**PROBLEM STATEMENT:** Only the tail of the listing is wanted: the line containing "児童会会長から歓迎の言葉が伝" and all after it, repeated exactly, pictures omitted.

━━━ GIVEN INFORMATION ━━━

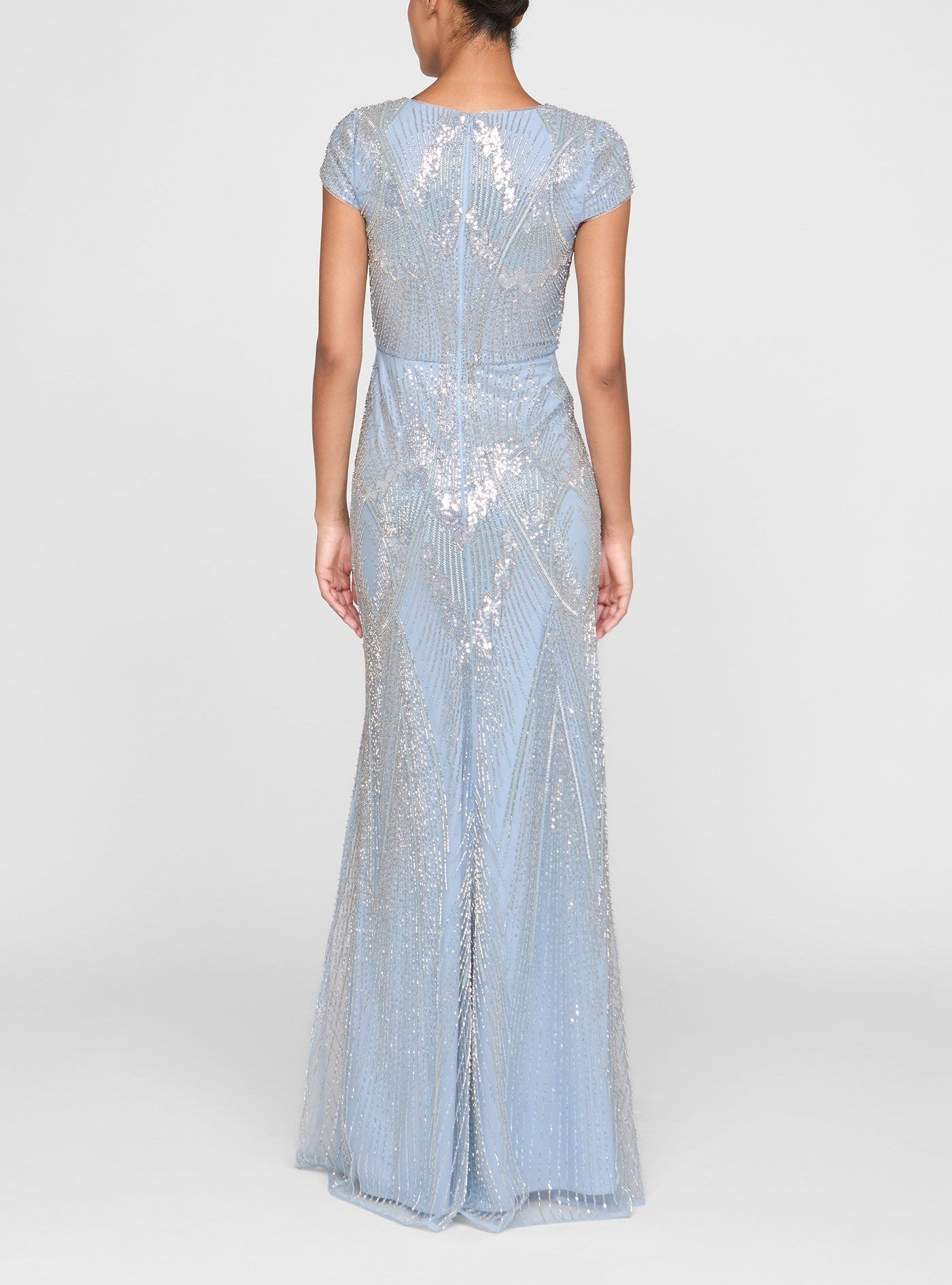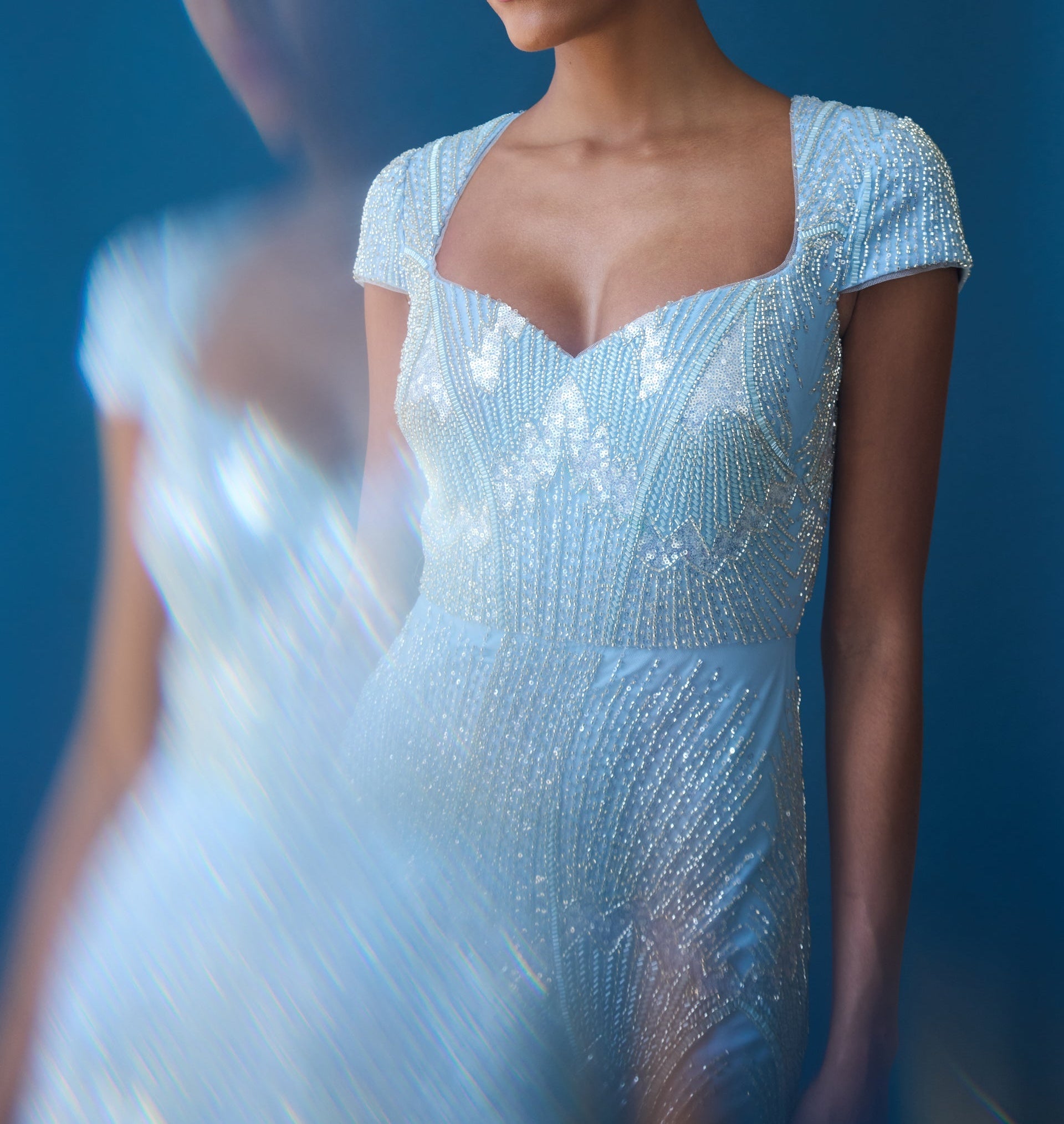 Fully beaded gown with a soft, reflective finish inspired by glasswork. Designed with delicate cap sleeves and intricate beadwork that catches the light from every angle. A luminous choice for formal evenings and black-tie celebrations.
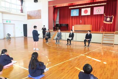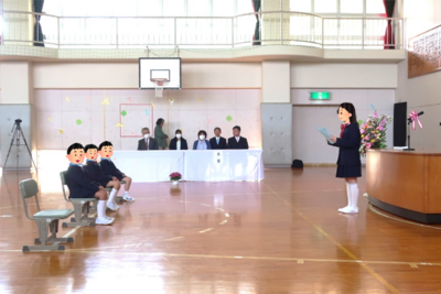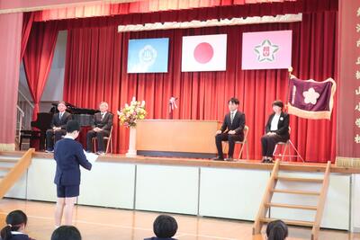 児童会会長から歓迎の言葉が伝えられました。「桃山小のいいところは、他の学年の人とも仲良しで、困ったときには助け合えるところです。」
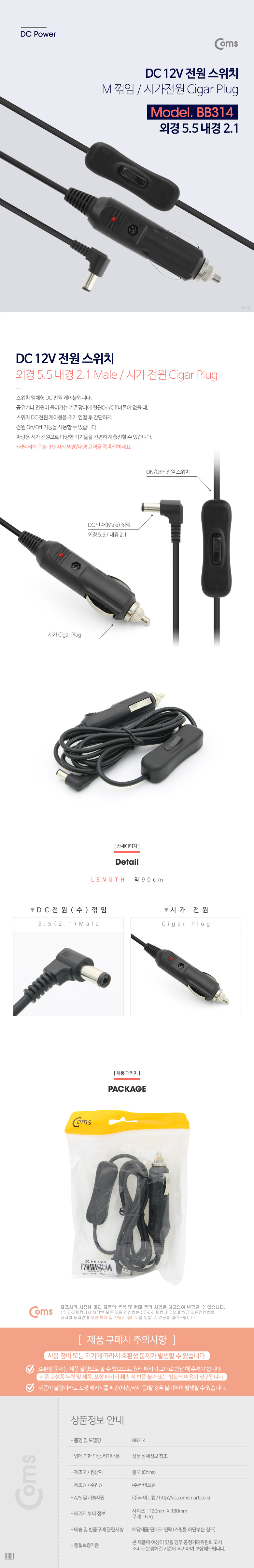 [Coms] 컴스 DC 전원/시가잭 스위치 케이블 M/M (DC 5.5/2.1mm, DC꺾임)

━━━

**REPLY:**
 児童会会長から歓迎の言葉が伝えられました。「桃山小のいいところは、他の学年の人とも仲良しで、困ったときには助け合えるところです。」
 [Coms] 컴스 DC 전원/시가잭 스위치 케이블 M/M (DC 5.5/2.1mm, DC꺾임)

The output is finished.